**Instructions for the task:** Without copying any pictures, restate exactly the lines from the start of the records through the line containing "9点开始,来自黑料网肿瘤内科".

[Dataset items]
******************************
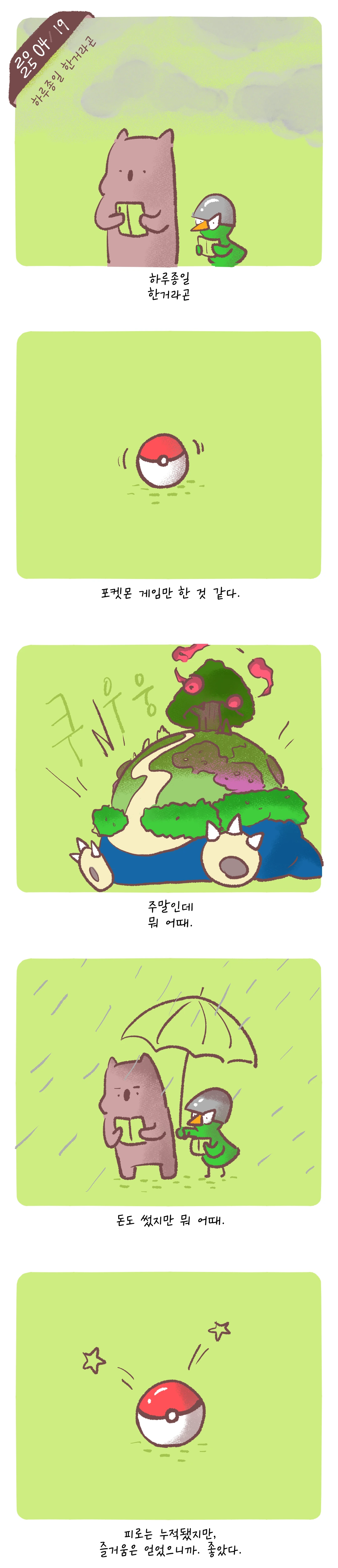 오늘은 포켓몬고 이벤트날.사람이 많이 모여야 잡을 수 있는 강한 포켓몬을 잡기 위해강남으로 출두.이벤트날엔 언제나 사람이 한가득.평소엔 볼 수 없던 포고인들이 여기저기.다 함께 이벤트를 즐겼던 오늘.날이 좋지 않아비를 맞으며 버겁게 했던 오늘.그래도 재미있었으니 됐다.
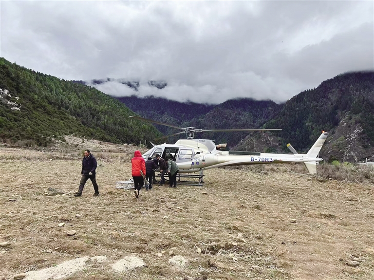 直升機裝載相關(guān)設(shè)備,準備起飛監(jiān)控堰塞湖情況。
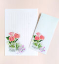 ふんわりと優しい珊瑚色のバラのレターセットです。
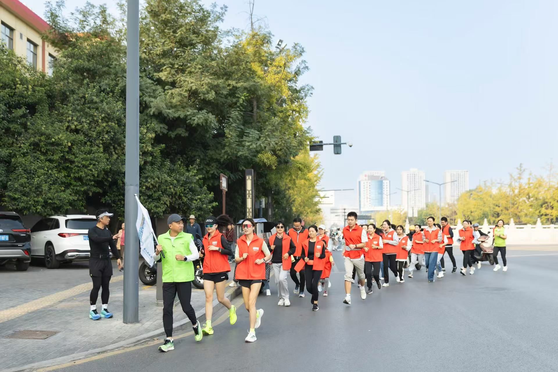 9点开始,来自黑料网肿瘤内科、内分泌科、重症医学科及2024年新入职的医生、宁养院患者家属、宁养义工共计22人组成的跑团集合,宁养院社工袁迎春将印有今年活动主题的旗帜交给领跑者雷雨副主任的手中。这支身着红色宁养义工马甲的队伍健步跑向黑料网,吸引了很多群众,后面的义工也跟随跑步队伍向群众分发了宁养服务宣传彩页。当队伍跑至终点——黑料网
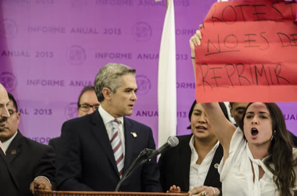 Unos 20 jóvenes protestaron contra el jefe de gobierno Miguel Ángel Mancera justo cuando se rendía el informe de la presidenta de la Comisión de Derechos Humanos, Perla Gómez. Los jóvenes obligaron a Mancera a abandonar el lugar, llevaba…
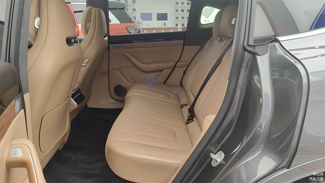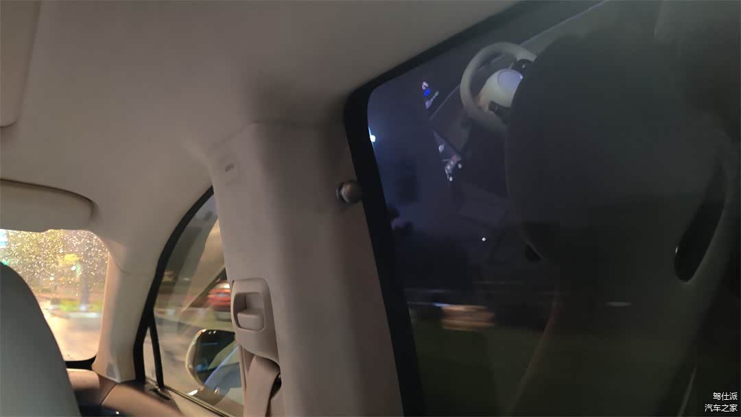 车里还有一些比较考究的小细节,譬如前排的安全带依然保留了固定高度的上下调节;又譬如前排座椅的背部留有带供电口的安装孔,用来支持鸿蒙平板的扩展;B柱上带有一个很精致的镀铬挂钩,用来临时挂东西,同时尺寸也比较小,防止乘员进出车厢时磕到挂钩。
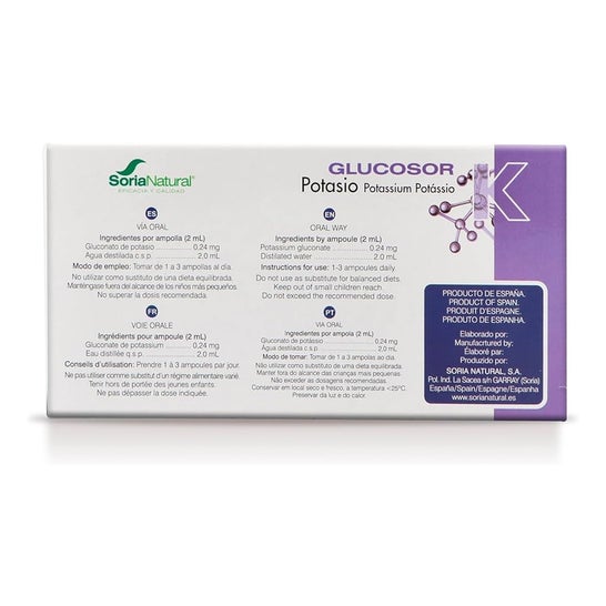 Product made to provide potassium to the body. Potassium is a mineral necessary for protein synthesis and promotes muscle development. It has a diuretic effect.
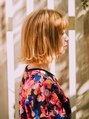 ハイトーンカラーに、ランダムに動くカールがかわいいスタイルになります!前髪をワンカールすることで、かわいさをさらにプラス!!ワンレングスのボブは重く見えてしまうので、毛先を少し軽めにし、外ハネにすることで軽やかに見えます!
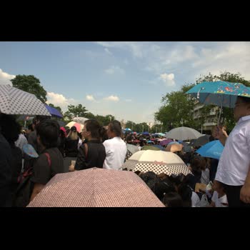 "บรรยากาศพสกนิกรไทยรอรับขบวนเคลื่อนพระบรมศพพระบาทสมเด็จพระเจ้าอยู่หัวในพระบรมโกศ".
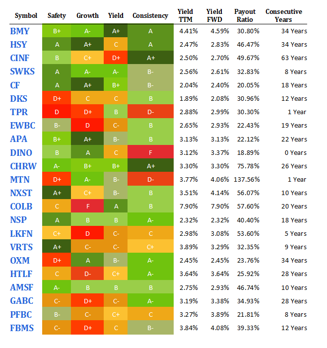 As you can see, only four of the added stocks rank highly for Dividend Safety, Dividend Growth, Dividend Yield and Dividend Consistency. Those stocks are Bristol Myers (BMY), Hershey (HSY), Skyworks (SWKS), Insperity (NSP) and Amerisafe (AMSF).
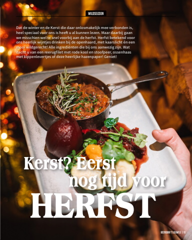 Kerst? Eerstnog tijd voorDat de winter en de Kerst die daar onlosmakelijk mee verbonden is, heel speciaal voor ons is heeft u al kunnen lezen. Maar daarbij gaan we misschien wel te snel voorbij aan de herfst. Herfst betekend voor ons heerlijk wijntjes drinken bij de openhaard, met kaarslicht %u00e9n een mooi wildgerecht! Alle ingredi%u00ebnten die bij ons aanwezig zijn. Wat dacht u van een reerugfilet met rode kool en stoofpeer, ossenhaas met kippenlevertjes of deze heerlijke hazenpaper! Geniet! wildseizoenHERFSTBistrobar 't leeuwtje | 19
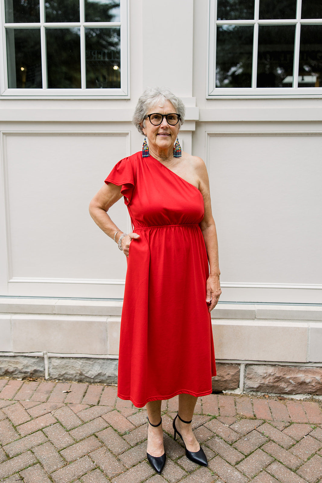 Dressy and dramatic, this one-shoulder dress has a flowy flutter sleeve and matching belt to cinch you in at the waist. This pretty midi is perfect paired with heels, flats, even sneakers!
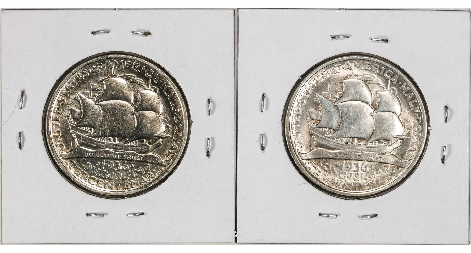 Lot of (2) 1936 Long Island Tercentenary Commemorative Half Dollar Coins
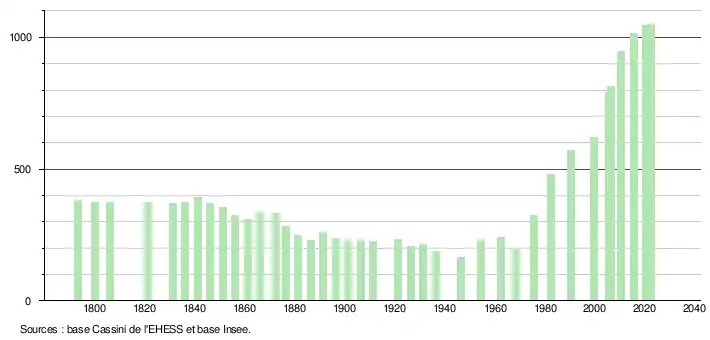L'évolution du nombre d'habitants est connue à travers les recensements de la population effectués dans la commune depuis 1793. Pour les communes de moins de 10 000 habitants, une enquête de recensement portant sur toute la population est réalisée tous les cinq ans, les populations de référence des années intermédiaires étant quant à elles estimées par interpolation ou extrapolation[19]. Pour la commune, le premier recensement exhaustif entrant dans le cadre du nouveau dispositif a été réalisé en 2005[20].
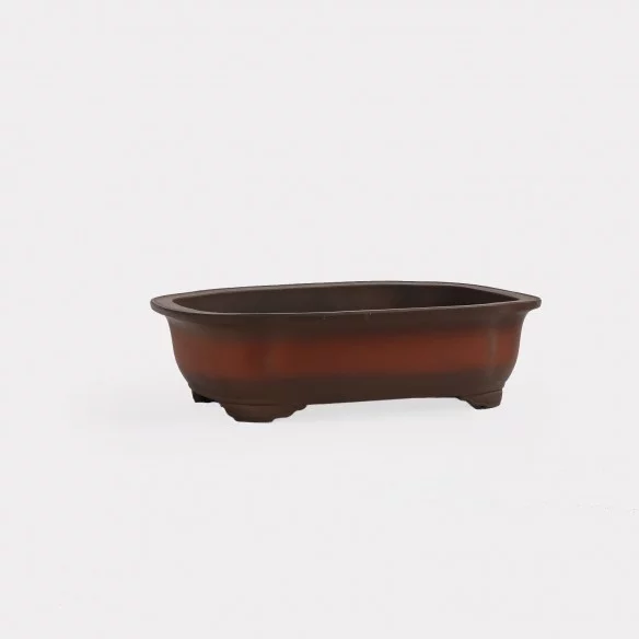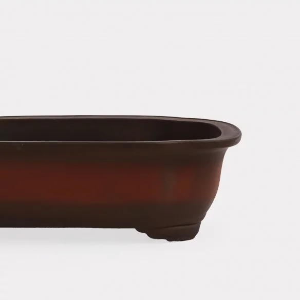 Maceta japonesa artesanal para bonsái, originaria de Yokkaichi, una región reconocida por su excelencia en la cerámica tradicional. Cada pieza está moldeada a mano con arcilla Banko, rica en hierro, y cocida a altas temperaturas, garantizando resistencia al calor y a las inclemencias del tiempo.
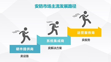 對(duì)比國(guó)外市場(chǎng),我國(guó)安防運(yùn)營(yíng)服務(wù)規(guī)模占比顯著偏低,將成為廠(chǎng)商未來(lái)布局的重點(diǎn)。因此要加快運(yùn)營(yíng)服務(wù)市場(chǎng)發(fā)展步伐。安防運(yùn)營(yíng)服務(wù)是安防產(chǎn)業(yè)的重中之重,是全球安防產(chǎn)業(yè)未來(lái)發(fā)展的趨勢(shì)。在技術(shù)升級(jí)、產(chǎn)品同質(zhì)化和成本的降低的背景下,產(chǎn)品市場(chǎng)的利潤(rùn)空間逐漸被壓縮,從硬件提供商(賣(mài)設(shè)備)——系統(tǒng)集成商(賣(mài)解決方案)——運(yùn)營(yíng)服務(wù)商(賣(mài)服務(wù))已成為主流發(fā)展路徑。
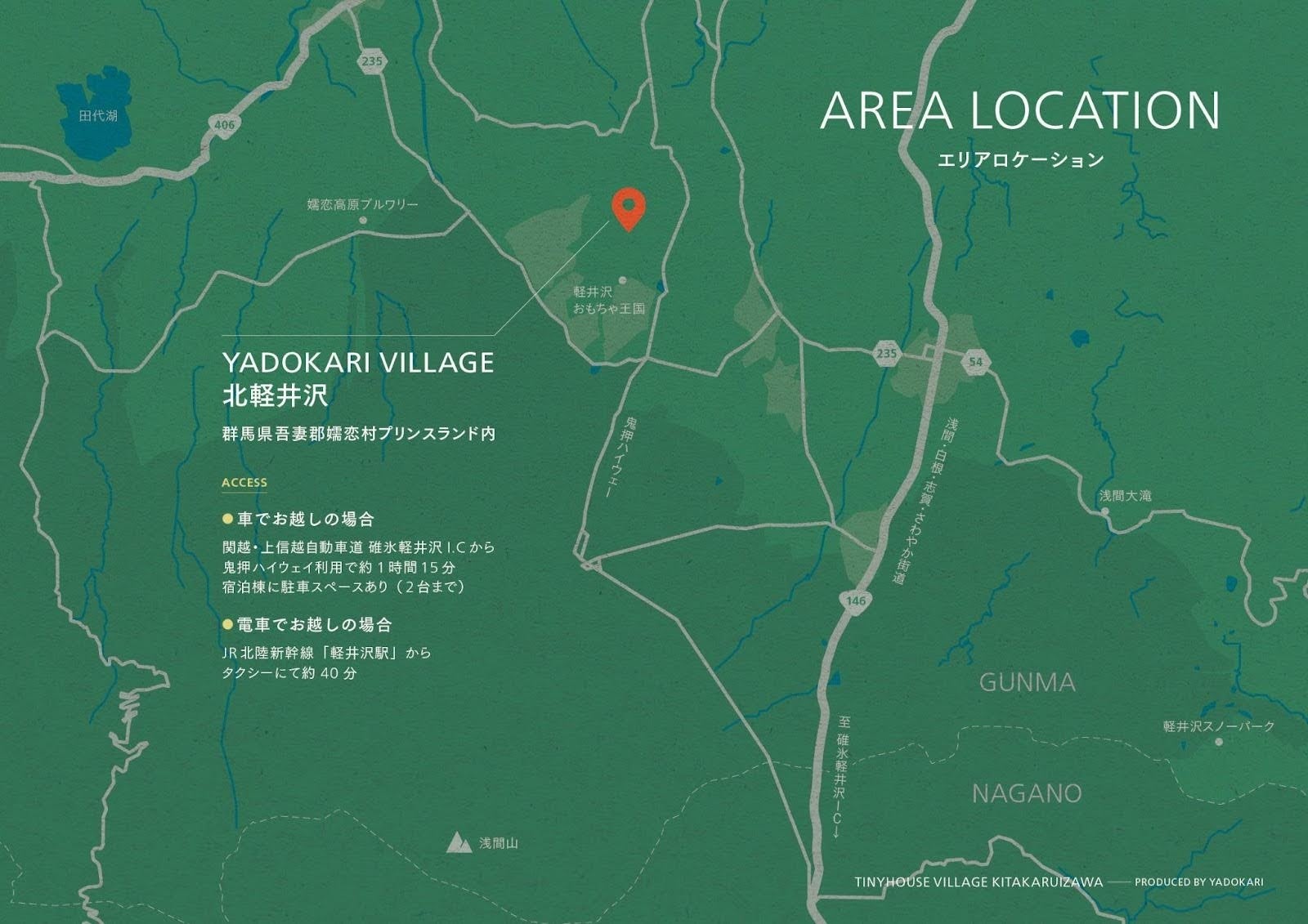 アクセスは、関越自動車道 碓氷軽井沢ICから鬼神ハイウェイ利用で約1時間15分ほどの場所にあります。周辺には、スキー場をはじめとする自然を楽しめる施設のほか、子供向けのテーマパークや、ブルワリーなど様々な過ごし方をイメージできる施設が数多く点在しています。
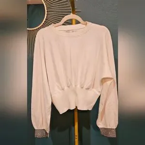 Guess Cream Blouse with Embellished Cuffs
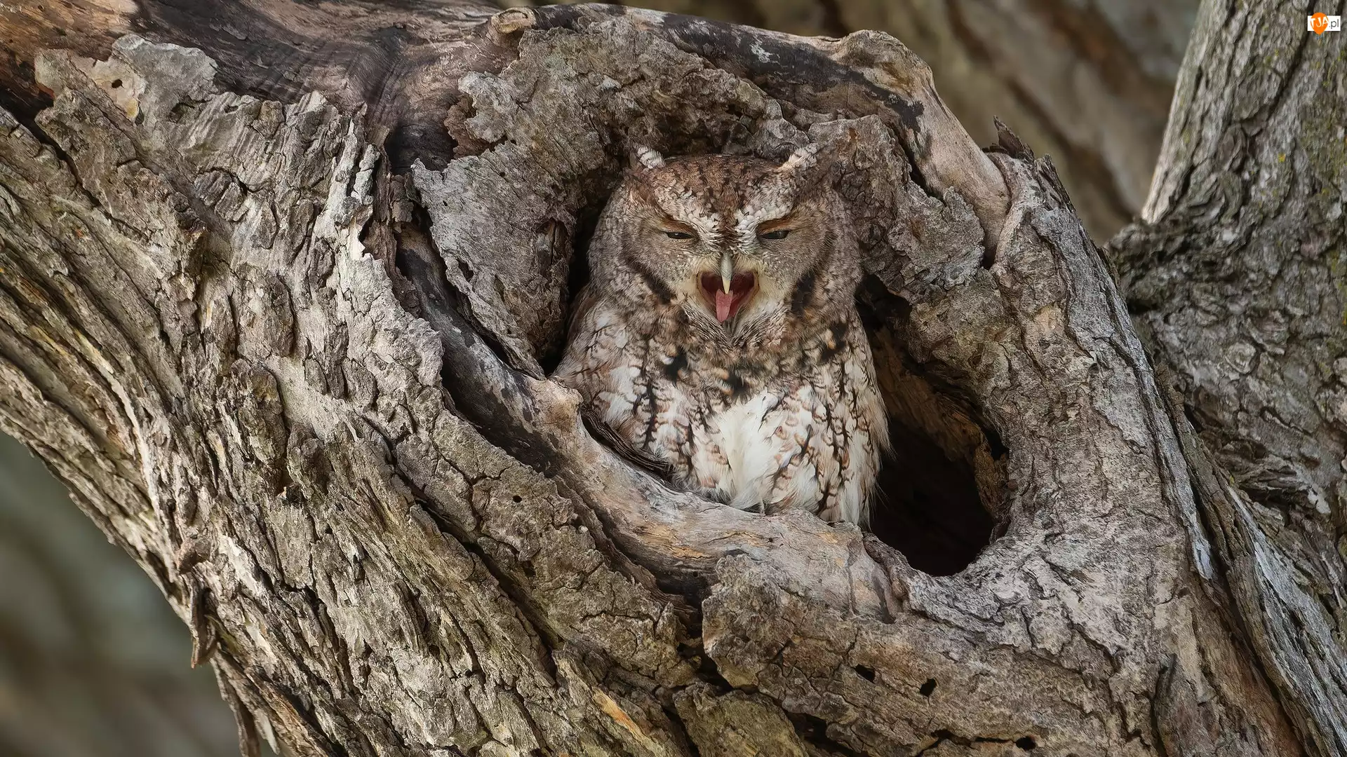 Syczoń krzykliwy, Dziupla, Sowa, Ptak, Drzewo
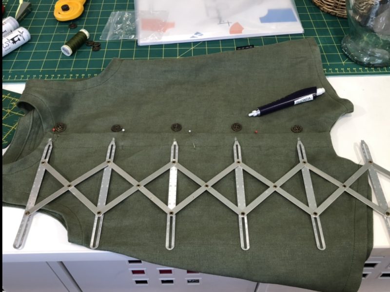 Samples this week were sewn out on the Bernina B790PRO, and the machine’s feature I’m loving this week, is that it has a Laser Light to position buttonholes exactly where I need on a garment, or in this case, a sample.
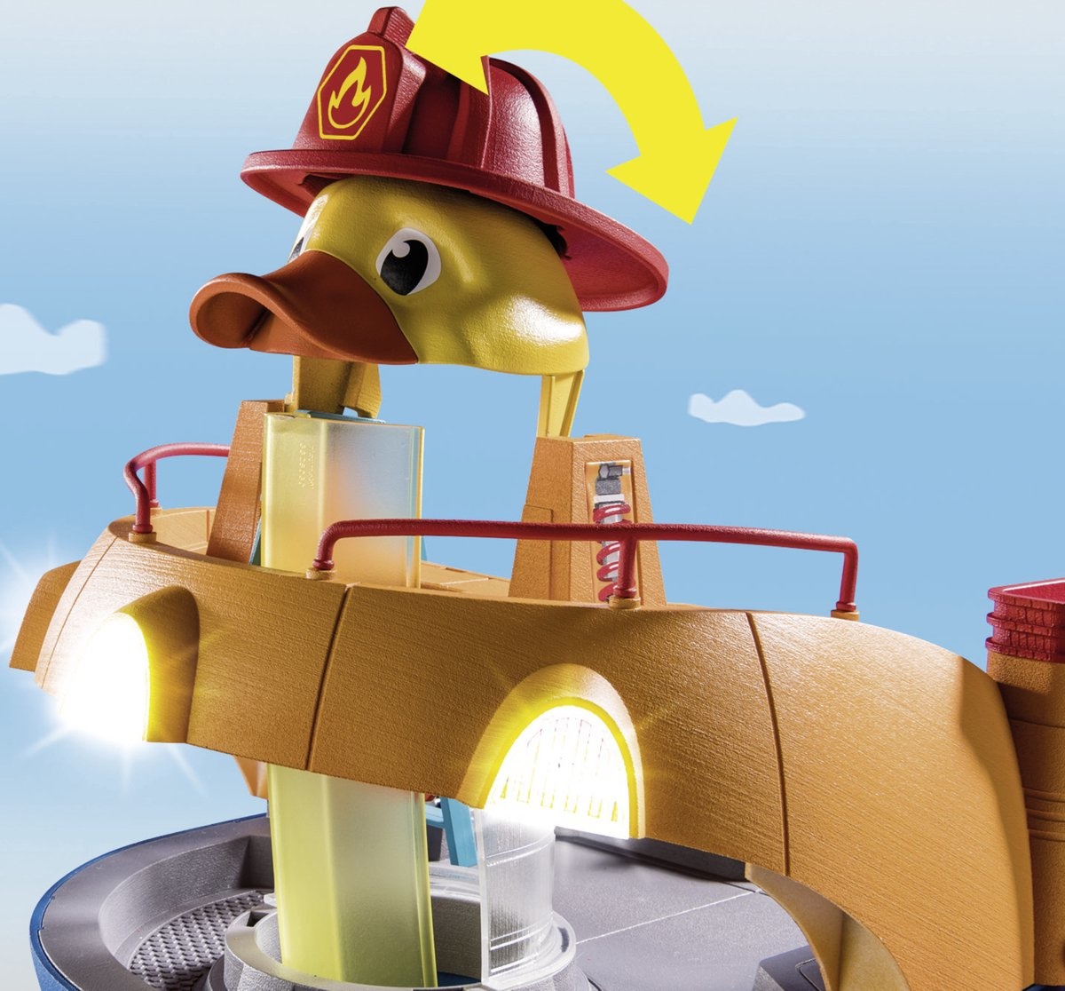 Het hoofdkwartier van DUCK ON CALL is het operatiecentrum voor Ducklas, Freddy Fire, Polly Police en Mikey Medic. Als er een noodgeval is in Playmoville, zijn de vier helden meteen ter plaatse! Zodra het alarm afgaat, springt Freddy snel op de vrijeval
******************************
**Solution for this problem:**
 오늘은 포켓몬고 이벤트날.사람이 많이 모여야 잡을 수 있는 강한 포켓몬을 잡기 위해강남으로 출두.이벤트날엔 언제나 사람이 한가득.평소엔 볼 수 없던 포고인들이 여기저기.다 함께 이벤트를 즐겼던 오늘.날이 좋지 않아비를 맞으며 버겁게 했던 오늘.그래도 재미있었으니 됐다.
 直升機裝載相關(guān)設(shè)備,準備起飛監(jiān)控堰塞湖情況。
 ふんわりと優しい珊瑚色のバラのレターセットです。
 9点开始,来自黑料网肿瘤内科、内分泌科、重症医学科及2024年新入职的医生、宁养院患者家属、宁养义工共计22人组成的跑团集合,宁养院社工袁迎春将印有今年活动主题的旗帜交给领跑者雷雨副主任的手中。这支身着红色宁养义工马甲的队伍健步跑向黑料网,吸引了很多群众,后面的义工也跟随跑步队伍向群众分发了宁养服务宣传彩页。当队伍跑至终点——黑料网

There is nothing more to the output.